§ What you should do
Excluding every picture, print exactly the lines from the one containing "1月6日至7日,经济管理学院" through the end of the material below, both ends included.

§ Data section

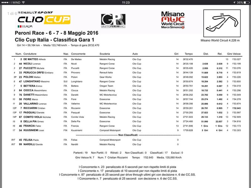 Un risultato già eccezionale, considerando com'era iniziata la corsa, impreziosito da alcune penalità inflitte dal direttore di corsa ad alcuni avversari...che mi hanno fatto balzare addirittura in quarta posizione! Incredibile davvero. Non me lo sarei mai aspettato di riuscire a chiudere la mia prima gara nella Clio Cup in una posizione così onorevole, ma evidentemente la fortuna ha voluto aiutarmi dopo una partenza così difficile.
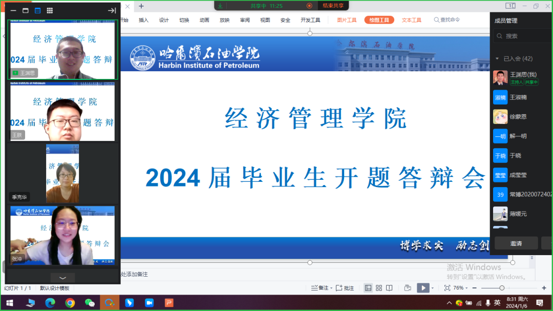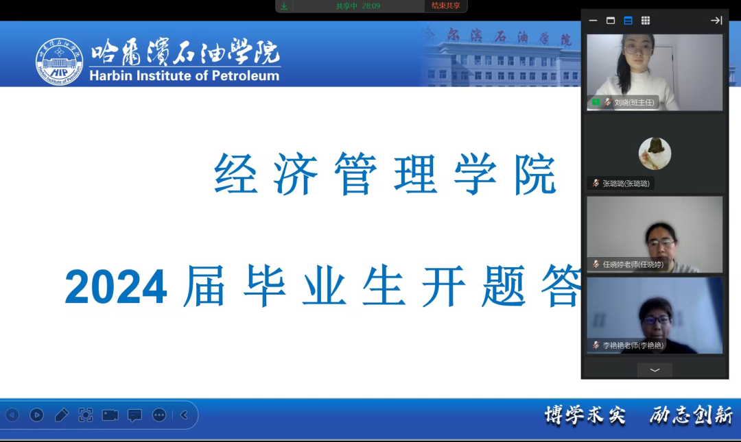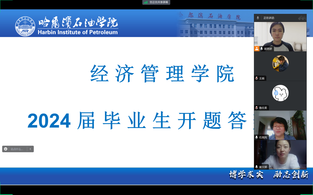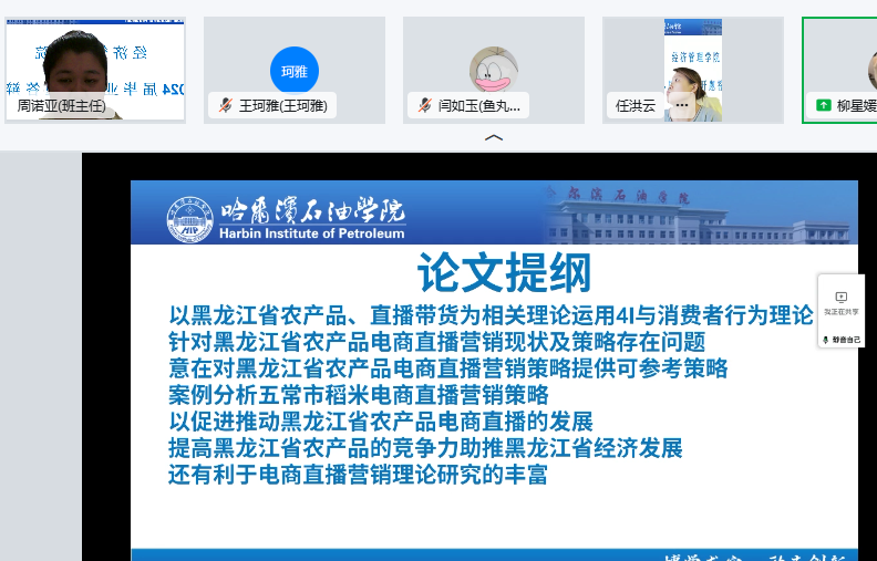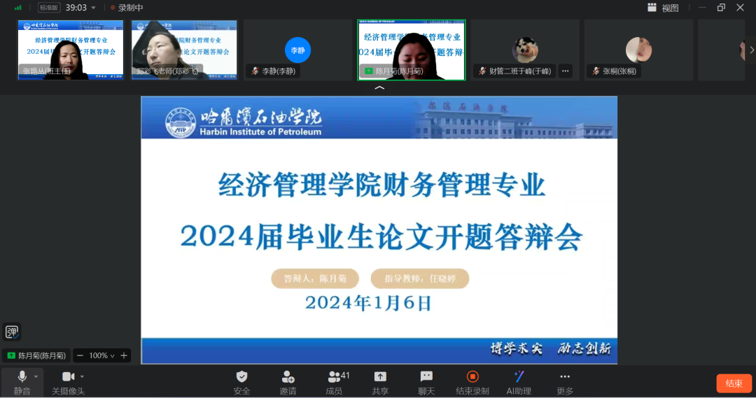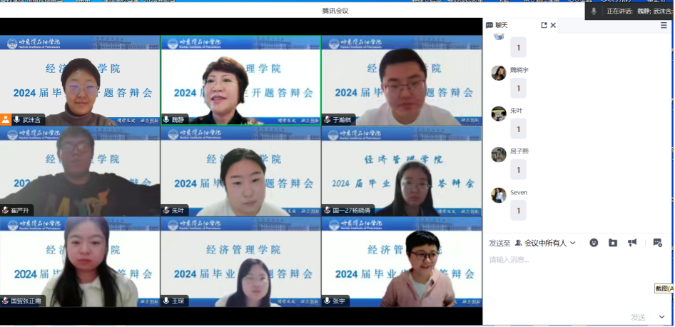 1月6日至7日,经济管理学院2024届毕业生论文开题答辩按照计划如期举行。本次开题答辩通过钉钉平台视频会议进行,我院全体教师和2024届毕业生共同完成此次线上开题答辩。
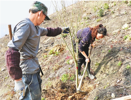记者(右)和造林员在山坡上种树。 拍友 柳松青 摄
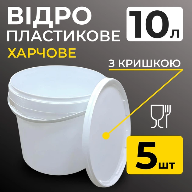 Відро харчове пластикове 10 л (з кришкою) 5 шт

§ Completed task
 1月6日至7日,经济管理学院2024届毕业生论文开题答辩按照计划如期举行。本次开题答辩通过钉钉平台视频会议进行,我院全体教师和2024届毕业生共同完成此次线上开题答辩。
记者(右)和造林员在山坡上种树。 拍友 柳松青 摄
 Відро харчове пластикове 10 л (з кришкою) 5 шт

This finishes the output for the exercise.